◆ INPUT:
#####

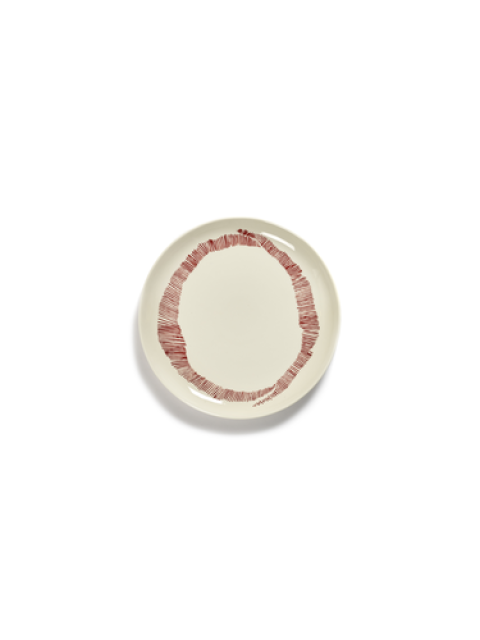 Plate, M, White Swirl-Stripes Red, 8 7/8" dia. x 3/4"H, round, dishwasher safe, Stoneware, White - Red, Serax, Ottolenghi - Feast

#####

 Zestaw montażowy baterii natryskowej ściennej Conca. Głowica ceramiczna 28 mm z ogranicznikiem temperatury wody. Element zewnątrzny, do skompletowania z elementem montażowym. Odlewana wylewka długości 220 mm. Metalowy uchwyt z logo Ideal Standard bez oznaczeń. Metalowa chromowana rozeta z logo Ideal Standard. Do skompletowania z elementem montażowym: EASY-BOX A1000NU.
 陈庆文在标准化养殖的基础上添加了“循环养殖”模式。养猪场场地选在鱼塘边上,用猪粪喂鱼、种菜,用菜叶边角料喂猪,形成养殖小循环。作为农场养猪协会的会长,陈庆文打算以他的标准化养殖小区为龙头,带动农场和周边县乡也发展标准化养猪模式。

#####

◆ TO DO: Restate word for word the entries above, starting at the line with "Zestaw montażowy baterii" and ending at the line with "陈庆文在标准化养殖的基础上添", inclusive, and no others.

◆ WRITTEN RESPONSE:
 Zestaw montażowy baterii natryskowej ściennej Conca. Głowica ceramiczna 28 mm z ogranicznikiem temperatury wody. Element zewnątrzny, do skompletowania z elementem montażowym. Odlewana wylewka długości 220 mm. Metalowy uchwyt z logo Ideal Standard bez oznaczeń. Metalowa chromowana rozeta z logo Ideal Standard. Do skompletowania z elementem montażowym: EASY-BOX A1000NU.
 陈庆文在标准化养殖的基础上添加了“循环养殖”模式。养猪场场地选在鱼塘边上,用猪粪喂鱼、种菜,用菜叶边角料喂猪,形成养殖小循环。作为农场养猪协会的会长,陈庆文打算以他的标准化养殖小区为龙头,带动农场和周边县乡也发展标准化养猪模式。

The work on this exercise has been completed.